• [What this task involves]: Repeat the lines of the data exactly and exclude any picture among them.

• [Information supplied]:
☆ ☆ ☆ ☆ ☆ ☆ ☆
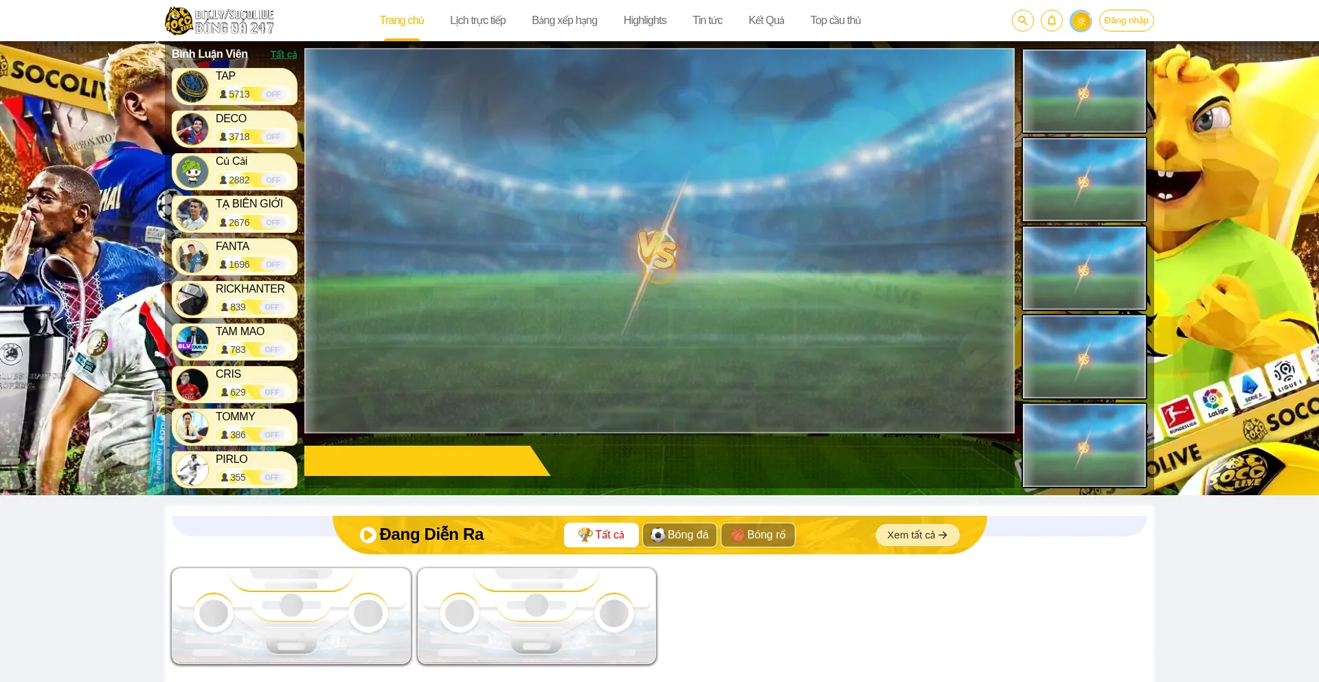 Socolive là trang website xem trực tiếp bóng đá chất lượng cao, nơi xem bóng đá trực tuyến Full HD không quảng cáo và hoàn toàn miễn phí. Socolive...
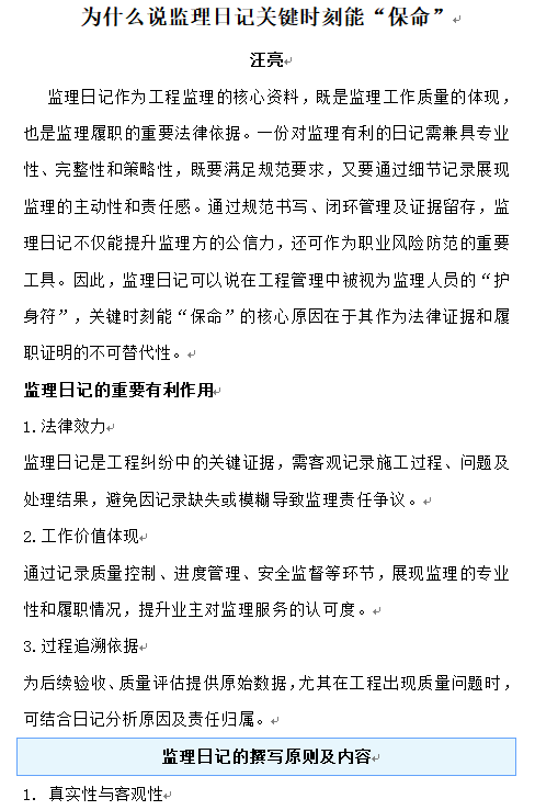 為什么說監(jiān)理日記關(guān)鍵時刻能“保命” 汪亮
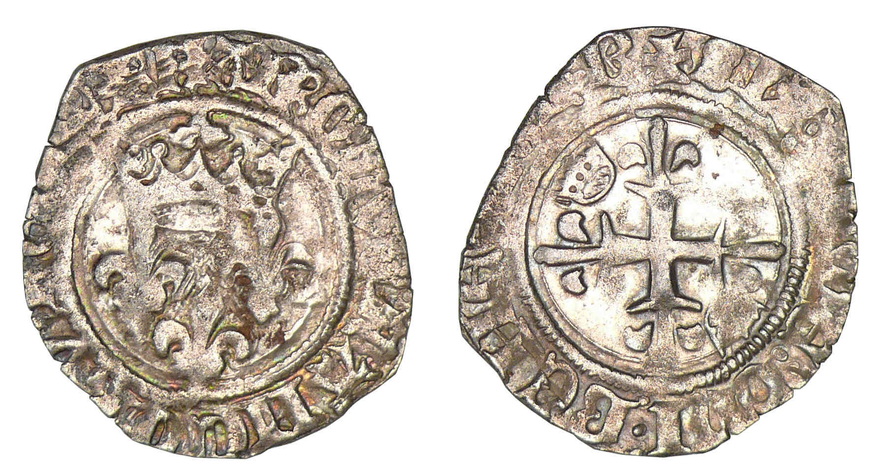 Avers : A/ + KAROLVS: FRANCORV: REX: B. Trois lis posés sous une couronne tréflée.
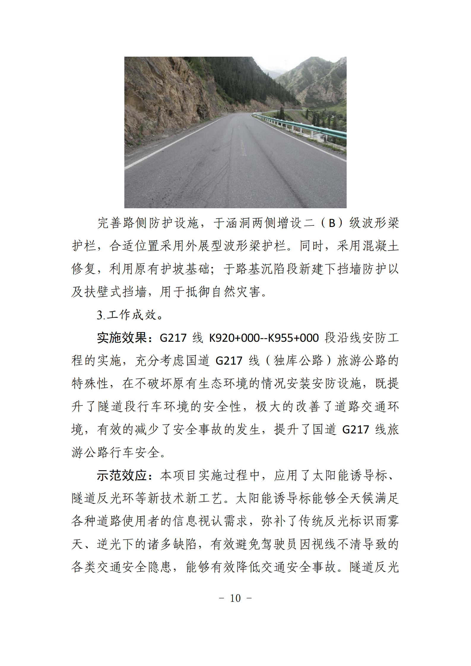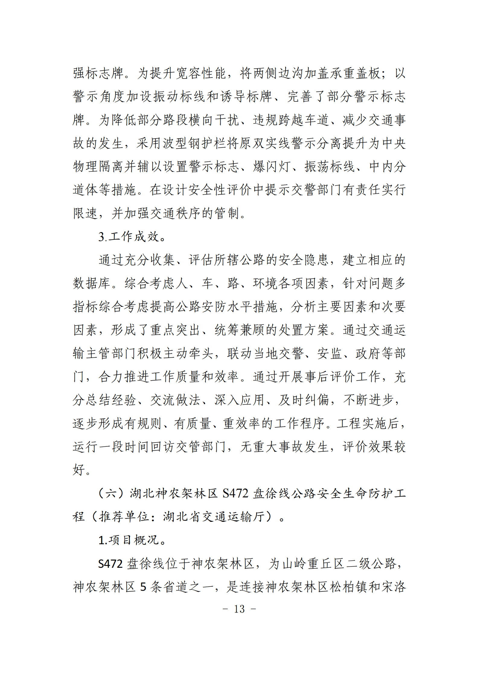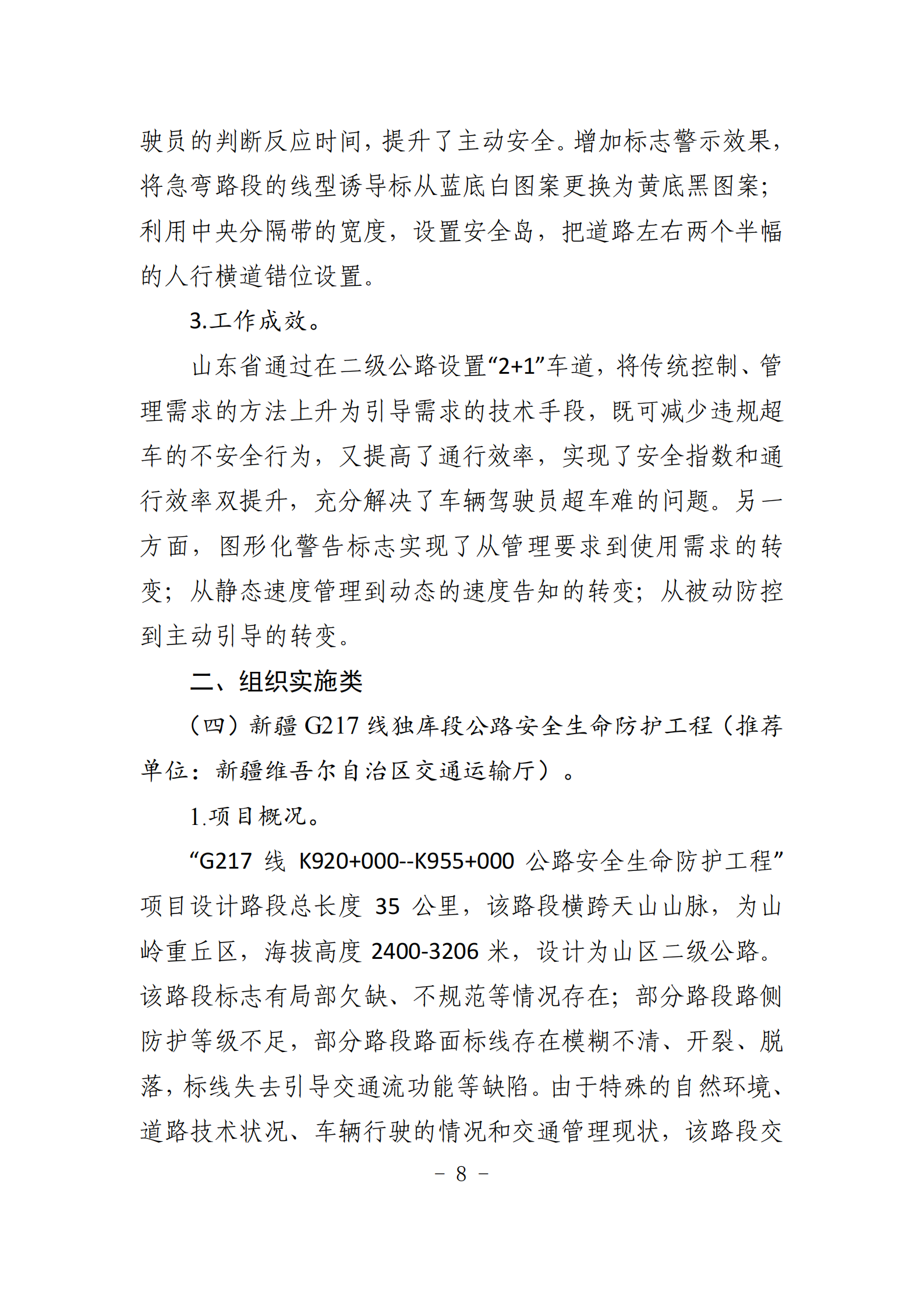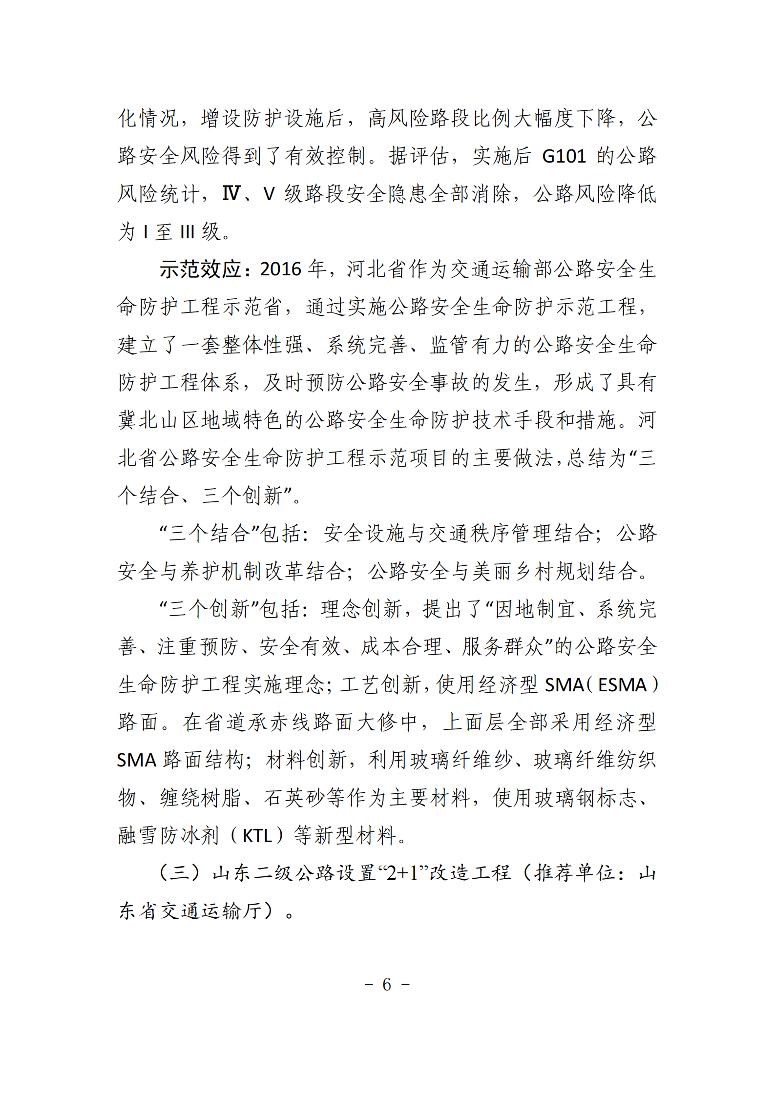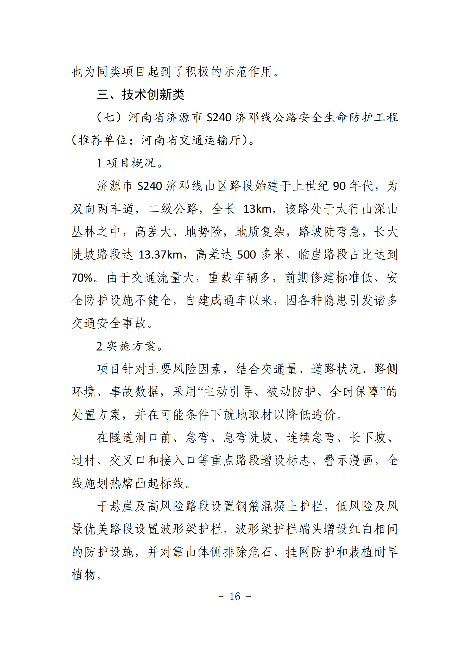黨中央、國務(wù)院高度重視公路安全工作。“十三五”以來,按照部統(tǒng)一部署,各地區(qū)公路安全生命防護工程、危橋改造工程和干線公路災(zāi)害防治工程(以下統(tǒng)稱三項工程)取得積極成效,實施了一批理念先進(jìn)、功能齊全、措施耐久、技術(shù)創(chuàng)新的精品工程、平安工程、放心工程。為挖掘、總結(jié)、推廣各地三項工程成功經(jīng)驗和典型做法,部在前期征集的基礎(chǔ)上,經(jīng)組織推薦、專家評審、現(xiàn)場復(fù)核等程序,形成全國公路安全生命防護工程典型案例10項(綜合類3項,組織實施類3項,技術(shù)創(chuàng)新類4項),全國危橋改造工程典型案例12項(制度建設(shè)類1項,組織實施類4項,技術(shù)創(chuàng)新類7項),全國干線公路災(zāi)害防治工程典型案例8項(綜合類1項,組織實施類3項,團隊建設(shè)類1項,技術(shù)創(chuàng)新類3項)。希望有關(guān)交通運輸部門再接再厲,進(jìn)一步加強組織領(lǐng)導(dǎo)和責(zé)任落實,持續(xù)動態(tài)完善,健全長效機制,積極推進(jìn)公路高質(zhì)量發(fā)展。各級交通運輸主管部門要學(xué)習(xí)借鑒典型案例的經(jīng)驗做法,不斷創(chuàng)新提高,持續(xù)做好項目前期、工程設(shè)計、工程質(zhì)量監(jiān)督、資金管理及工程驗收等工作,全面提升公路安全保障水平,為人民群眾安全便捷舒適出行提供堅實的交通運輸保障。
☆ ☆ ☆ ☆ ☆ ☆ ☆
• [Task answer]:
 Socolive là trang website xem trực tiếp bóng đá chất lượng cao, nơi xem bóng đá trực tuyến Full HD không quảng cáo và hoàn toàn miễn phí. Socolive...
 為什么說監(jiān)理日記關(guān)鍵時刻能“保命” 汪亮
 Avers : A/ + KAROLVS: FRANCORV: REX: B. Trois lis posés sous une couronne tréflée.
黨中央、國務(wù)院高度重視公路安全工作。“十三五”以來,按照部統(tǒng)一部署,各地區(qū)公路安全生命防護工程、危橋改造工程和干線公路災(zāi)害防治工程(以下統(tǒng)稱三項工程)取得積極成效,實施了一批理念先進(jìn)、功能齊全、措施耐久、技術(shù)創(chuàng)新的精品工程、平安工程、放心工程。為挖掘、總結(jié)、推廣各地三項工程成功經(jīng)驗和典型做法,部在前期征集的基礎(chǔ)上,經(jīng)組織推薦、專家評審、現(xiàn)場復(fù)核等程序,形成全國公路安全生命防護工程典型案例10項(綜合類3項,組織實施類3項,技術(shù)創(chuàng)新類4項),全國危橋改造工程典型案例12項(制度建設(shè)類1項,組織實施類4項,技術(shù)創(chuàng)新類7項),全國干線公路災(zāi)害防治工程典型案例8項(綜合類1項,組織實施類3項,團隊建設(shè)類1項,技術(shù)創(chuàng)新類3項)。希望有關(guān)交通運輸部門再接再厲,進(jìn)一步加強組織領(lǐng)導(dǎo)和責(zé)任落實,持續(xù)動態(tài)完善,健全長效機制,積極推進(jìn)公路高質(zhì)量發(fā)展。各級交通運輸主管部門要學(xué)習(xí)借鑒典型案例的經(jīng)驗做法,不斷創(chuàng)新提高,持續(xù)做好項目前期、工程設(shè)計、工程質(zhì)量監(jiān)督、資金管理及工程驗收等工作,全面提升公路安全保障水平,為人民群眾安全便捷舒適出行提供堅實的交通運輸保障。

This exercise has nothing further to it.